Thomas Robertson (September 13, 1852 – April 19, 1902) was a Canadian civil servant, entrepreneur and politician. Robertson was a Liberal member of Parliament for the electoral district of Shelburne in the House of Commons of Canada from 1878 to 1887, a Nova Scotia Liberal member of the Nova Scotia House of Assembly from 1894 to 1902, and Speaker of the Legislative Assembly in 1902.
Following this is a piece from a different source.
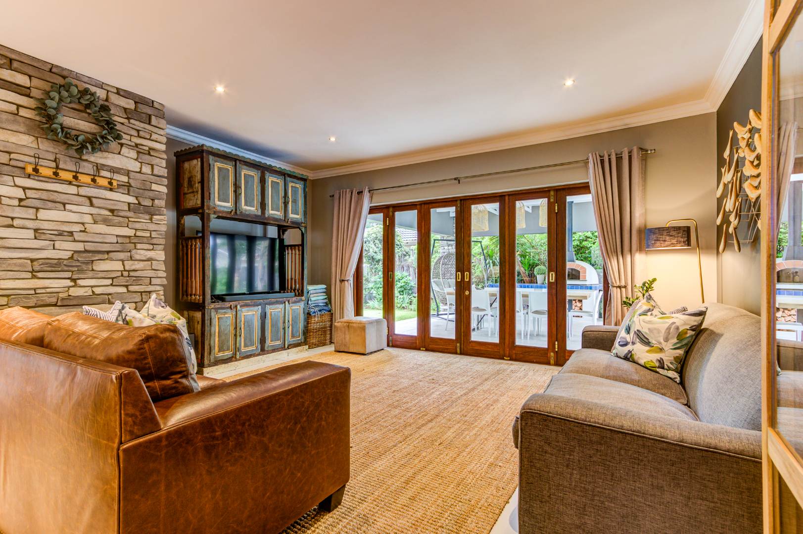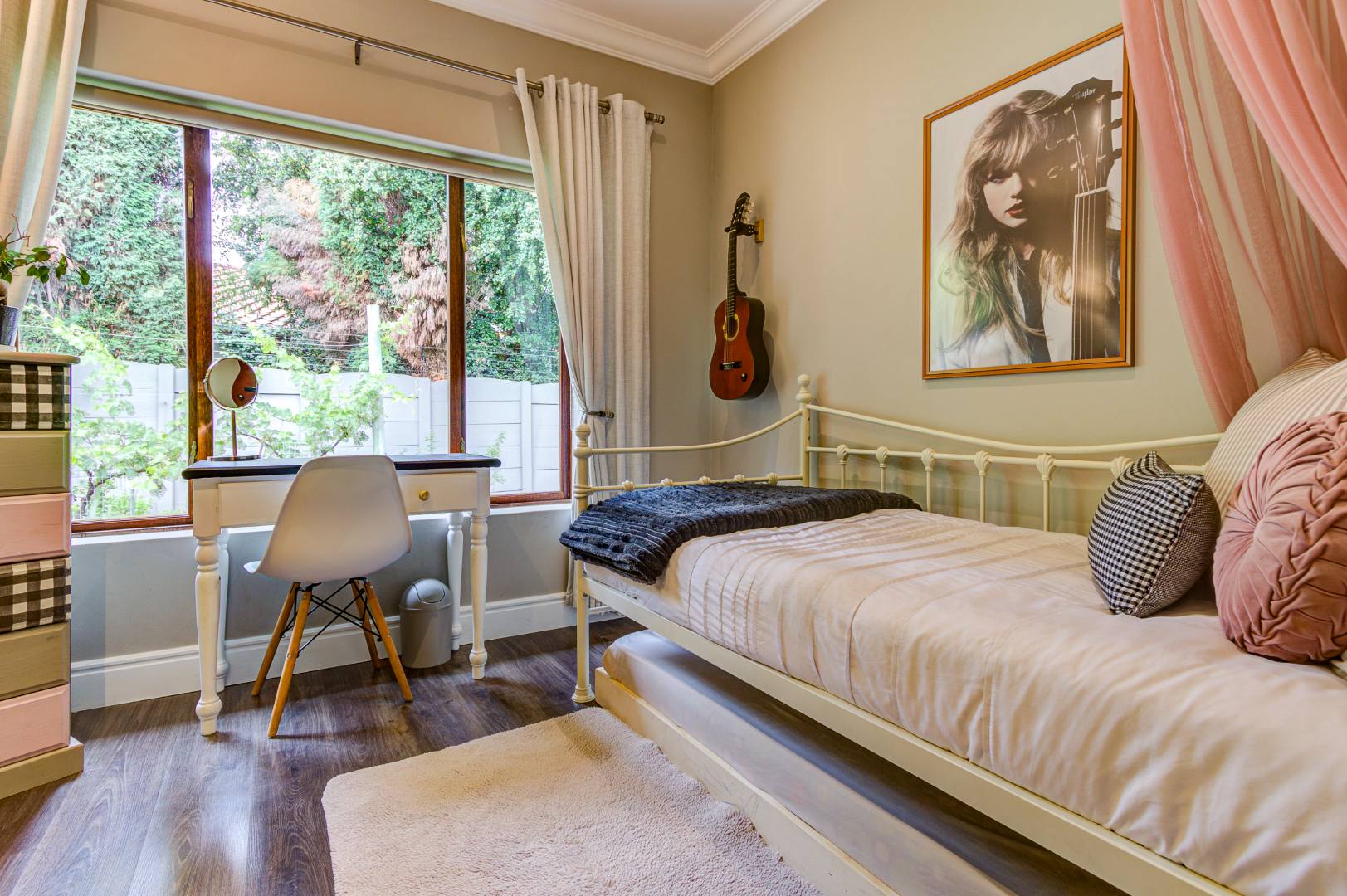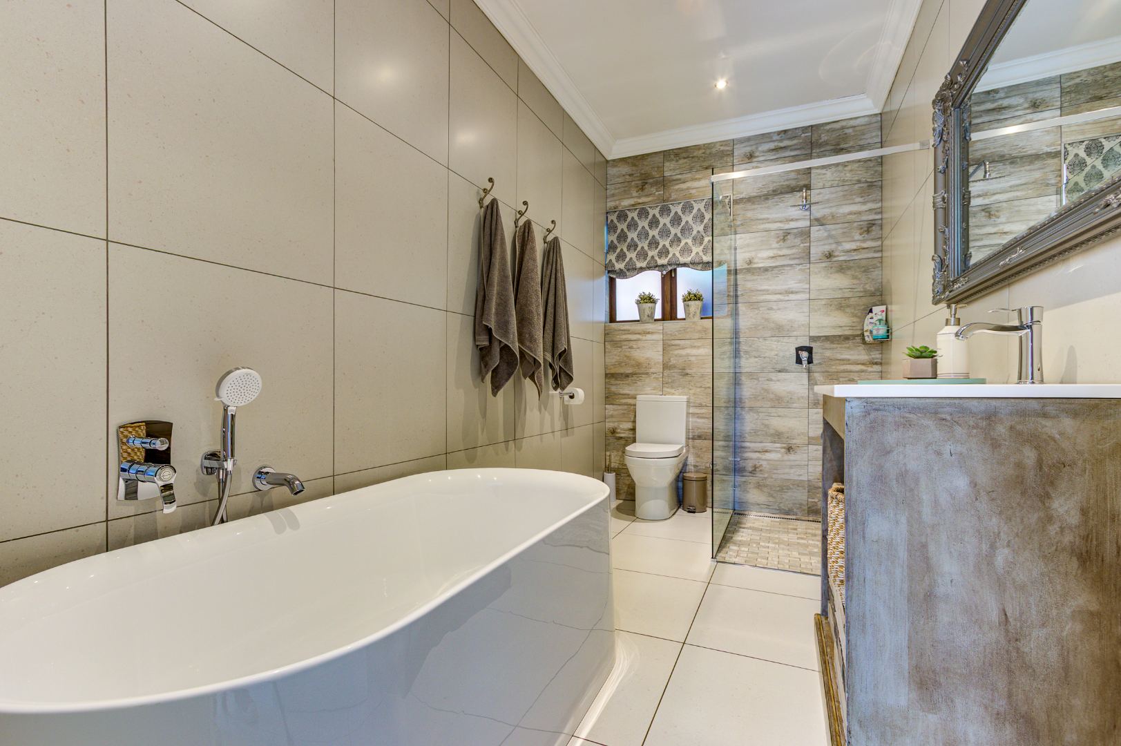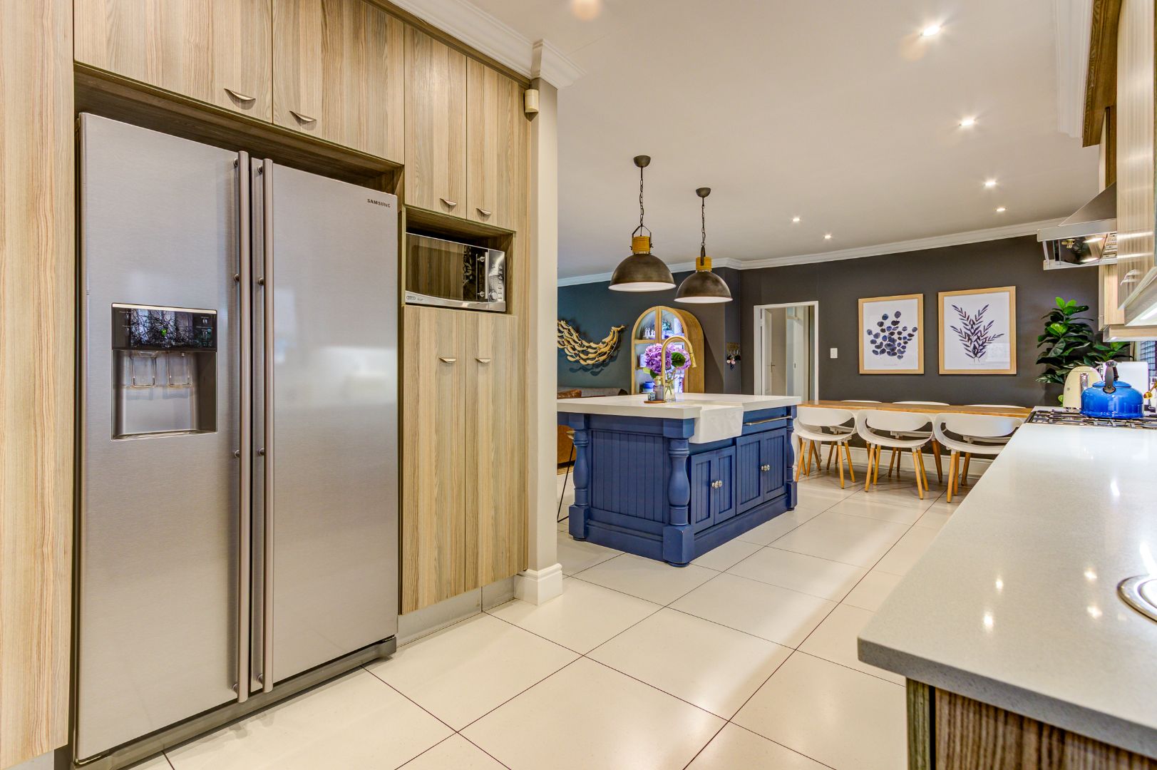Step inside to an inviting entrance hall that ushers you into a world of refined living. The open-plan design seamlessly connects the spacious lounge, dining room, and a well-appointed kitchen complete with a scullery. Natural light floods the interiors through large wooden French doors, illuminating the neutral palette, elegant crown molding, and pristine tiled flooring. A versatile multi-purpose flat, currently configured with a lounge, 2 bedrooms and full bathroom, offers exceptional flexibility, while a dedicated study provides a quiet retreat. Over and above the two bedrooms in the flat, the home boasts three generously proportioned bedrooms, including a luxurious en-suite bathroom, alongside a second bathroom, ensuring comfort and privacy for all.

Born in Barrington, Nova Scotia, the son of Robert Robertson and Sarah Richan, he worked in the provincial Department of Public Works and Mines and in the office of the provincial secretary as well as in the immigration branch of the federal Department of Agriculture. In 1884, he married Josephine Hume Allan. Robertson was president of the Barrington and Cape Island Steam Ferry Company and of the Coast Railway Company, nicknamed "Tom Robertson's Wheelbarrow Railway" and later taken over by the Canadian Northern Railway. He established a newspaper, the Cape Sable Advertiser, which operated from 1886 to 1890.

Robertson died in Dell Rapids, South Dakota, at the age of 49 while attempting to recover from an illness.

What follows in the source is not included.